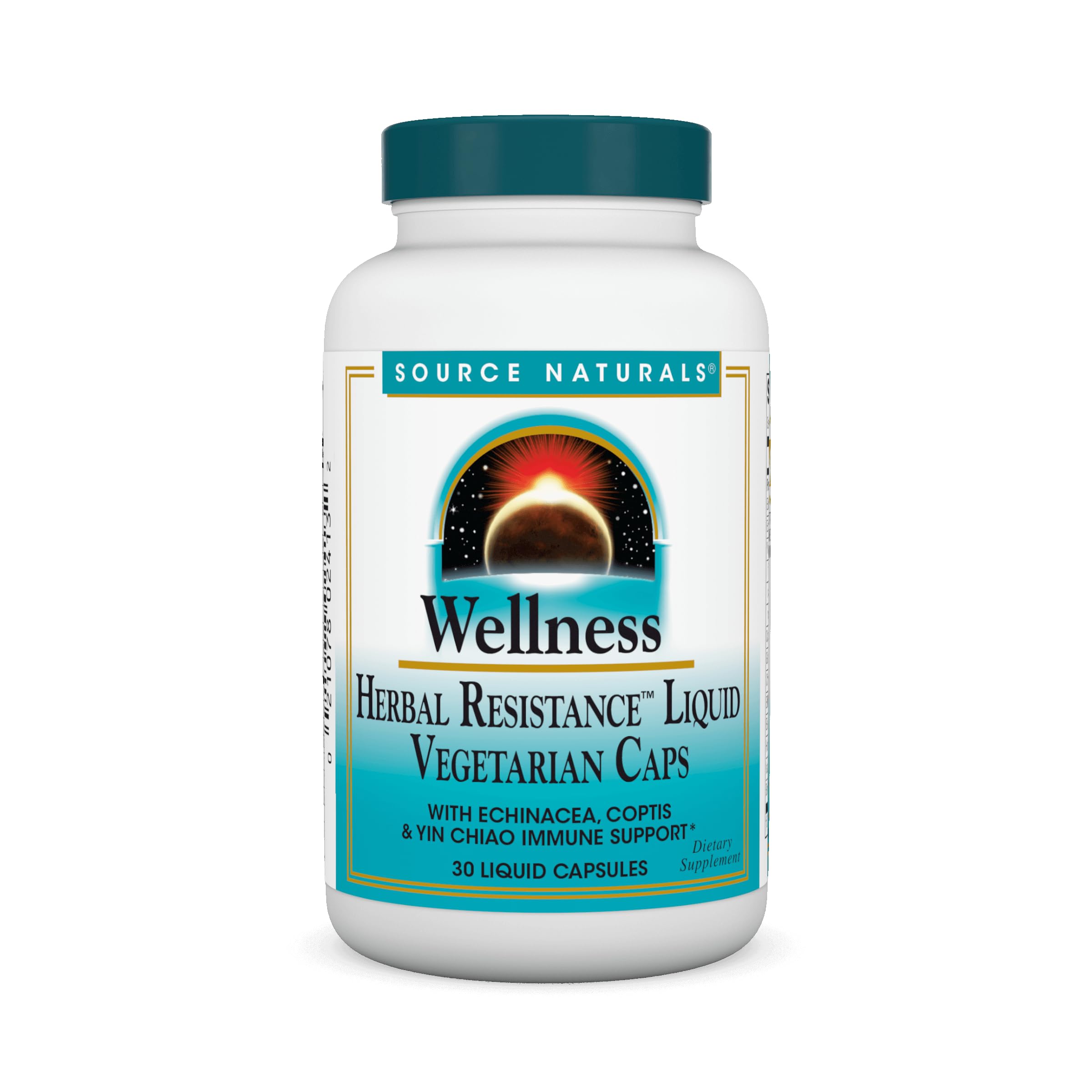 Source Naturals Wellness Herbal Resistance Liquid Immune Defense Supplement & Immunity Booster with Echinacea, Elderberry & Yin Chiao* - 30 Vegetarian Capsules 30 Count (Pack of 1)
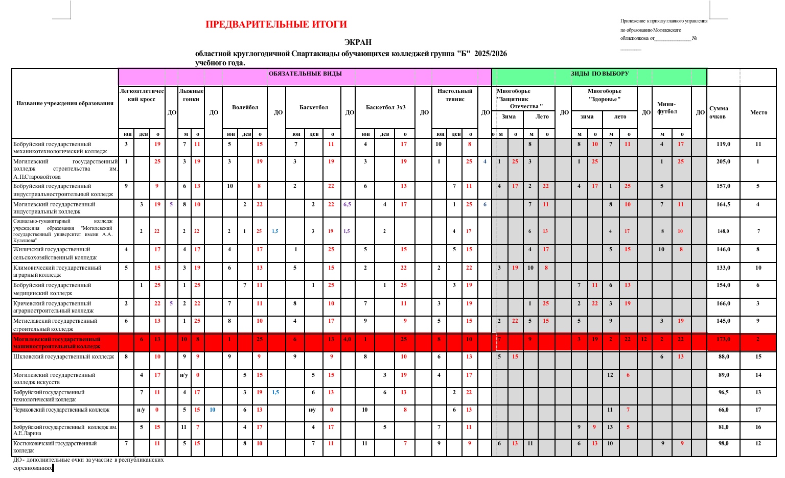 Добрый день коллеги, наш колледж по итогам прошедших соревнований областной круглогодичной Спартакиады обучающихся колледжей, занимает второе призовое место. Спасибо всем преподавателям и администрации, которые помогли добиться такого результата.
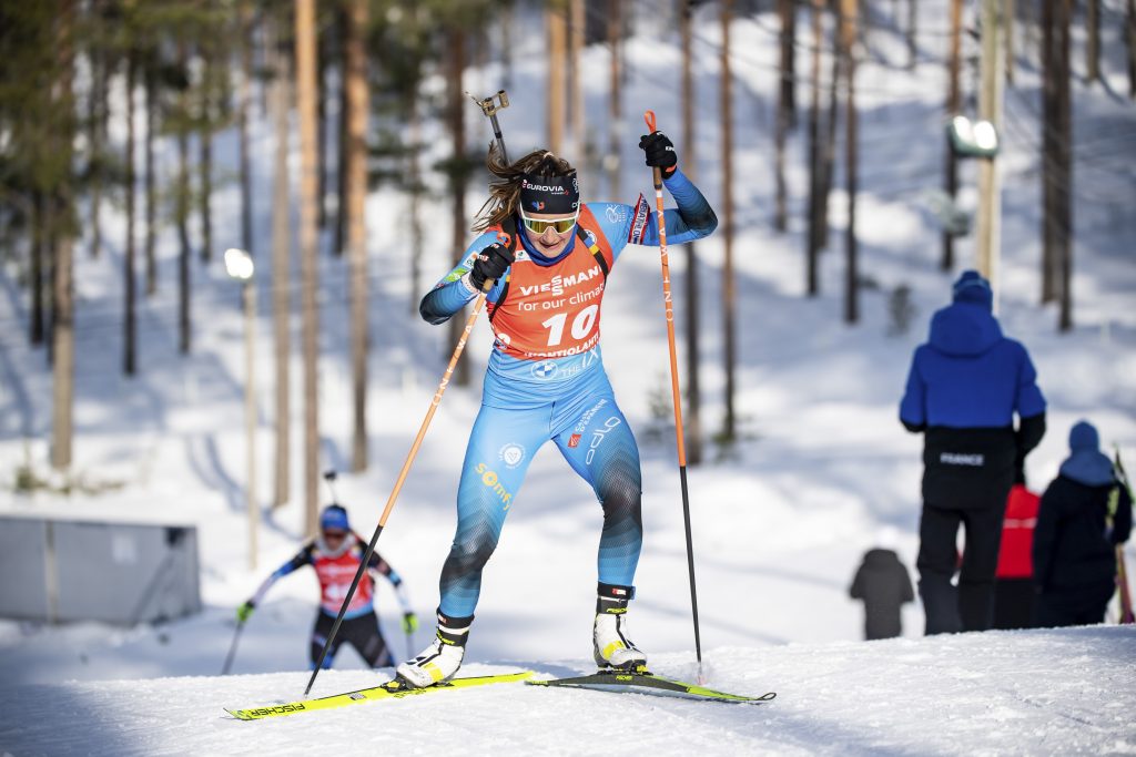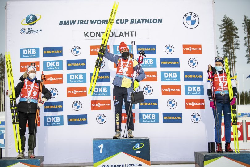 Les conditions climatiques et la piste exigeante de Kontiolahti jouaient aujourd’hui en faveur des bonnes skieuses. Là où le moindre tour de pénalité coûtait cher physiquement, les meilleures skieuses se sont distinguées en prenant les premières places. L’ancienne fondeuse Denise Herrmann s’empare de la victoire avec un beau 9/10 grâce au 3e temps de ski du jour. Tiril Eckhoff, derrière elle, renoue avec le podium et monte sur la boîte pour la première fois de l’hiver.
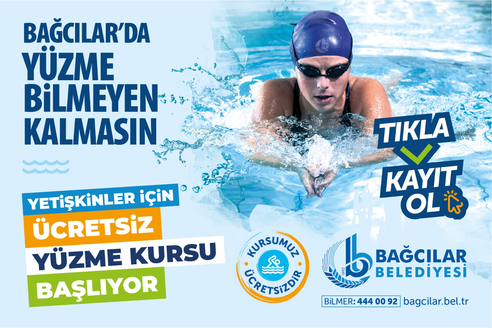Okulların tatil olmasıyla birlikte Bağcılar Belediyesi bünyesindeki havuzlarda yaz sezonu başladı. Cumhurbaşkanlığı tarafından başlatılan ve 8 yıldır devam eden “Yüzme Bilmeyen Kalmasın” projesi bu yıl da sürdürülüyor. Bu kapsamda belediyeye bağlı Barbaros, Demirkapı, Göztepe, Kemalpaşa, Kazım Karabekir, Yıldıztepe, Yüzyıl ve 15 Temmuz yüzme havuzlarında hafta içi 09.00-16.00 saatleri arasında 6-13 yaş grubu Çocuklara ücretsiz yüzme kursu veriliyor.
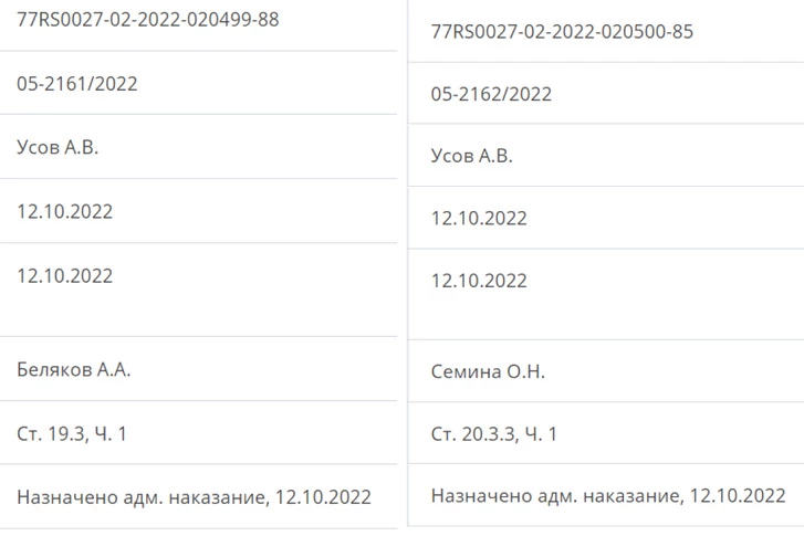 Согласно картотеке, протоколы на Усова составили за неповиновение представителю власти и действия, направленные на дискредитацию российской армии. Решения по обоим материалам суд вынес сегодня, 12 октября.
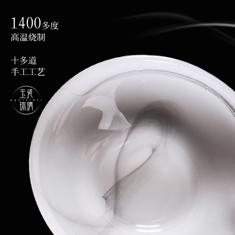 卸売り瑠璃茶器セット白玉茶杯家庭用オフィスプレゼント玉磁器ティーポットガラス工夫蓋碗
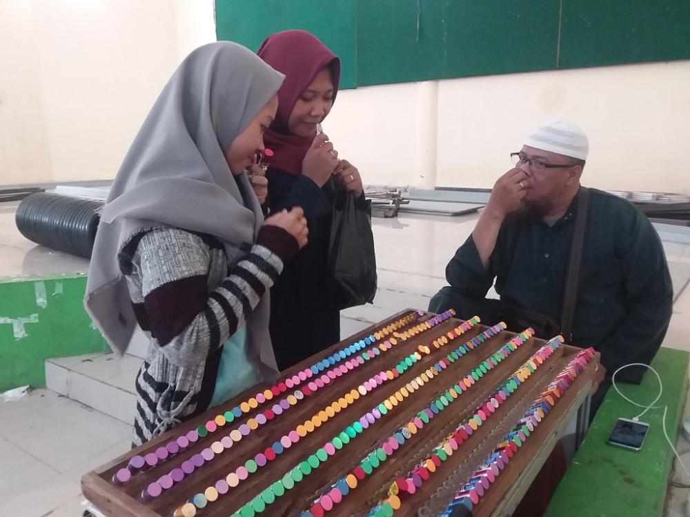 Dua orang pembeli (kiri), mencoba aroma parfum saat Bazar Buku Murah, yang digelar dari tanggal 10-19 Januari 2020 di Gedung Wanita Kabupaten Batang, Jumat (10/1/2020). Penjual mengatakan, harga parfum ukuran 8 ml dijual dengan harga Rp8.000,00. MC Batang, Jateng/ Heri/Jumadi
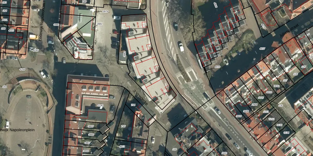Het perceel waarop Vonderweg 100 staat heeft een oppervlakte van 1119 m². Dit is een zeer groot perceel. De perceeloppervlakte wordt geregistreerd door het Kadaster. Gedetailleerde informatie over de maten van dit perceel kunt u vinden in het rapport Kadastrale kaart met maatvoering van Vonderweg 100.
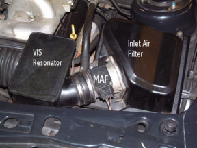 The Mass Airflow Sensor is mounted in the air inlet trunking between the air
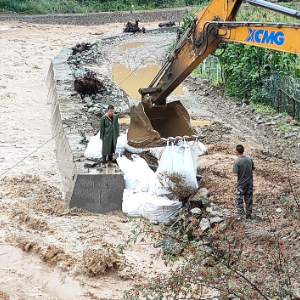 陇南市武都区月照乡干部群众正在积极抢修加固一处堤坝。(陇南市武都区融媒体中心供图)
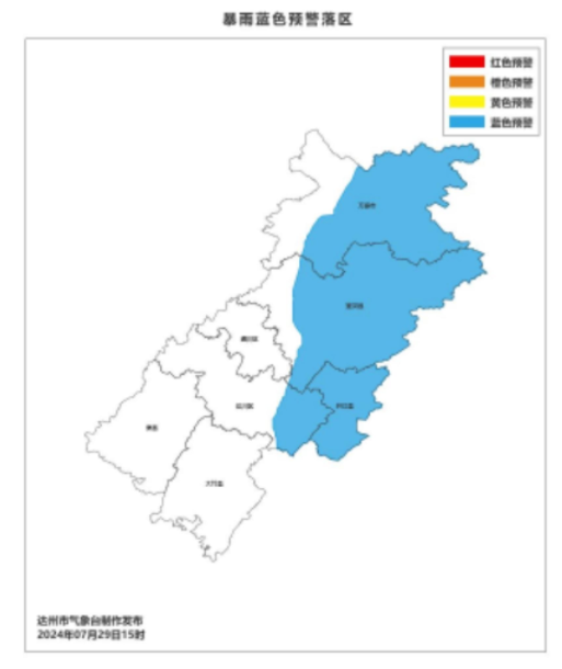 29日15时03分,达州市气象台发布了今天之内的第二个暴雨蓝色预警:预计7月29日晚上到30日白天,达州市将出现一次强降水天气过程。万源、宣汉、开江、东部经开区、达川区东部有大到暴雨(40~80毫米),局地大暴雨(100毫米以上),最大小时雨强40~60毫米;其余地方中到大雨(20~40毫米),局地暴雨。过程中伴有短时强降水、雷电大风等强对流天气。请注意防范强降水可能引发的城镇内涝、山洪、地质灾害。

**YOUR OBJECTIVE:** Working from the line containing "The Mass Airflow" to the last line of the data, retype every line exactly, both ends included, and leave out all pictures.

**EXPECTED ANSWER:**
 The Mass Airflow Sensor is mounted in the air inlet trunking between the air
 陇南市武都区月照乡干部群众正在积极抢修加固一处堤坝。(陇南市武都区融媒体中心供图)
 29日15时03分,达州市气象台发布了今天之内的第二个暴雨蓝色预警:预计7月29日晚上到30日白天,达州市将出现一次强降水天气过程。万源、宣汉、开江、东部经开区、达川区东部有大到暴雨(40~80毫米),局地大暴雨(100毫米以上),最大小时雨强40~60毫米;其余地方中到大雨(20~40毫米),局地暴雨。过程中伴有短时强降水、雷电大风等强对流天气。请注意防范强降水可能引发的城镇内涝、山洪、地质灾害。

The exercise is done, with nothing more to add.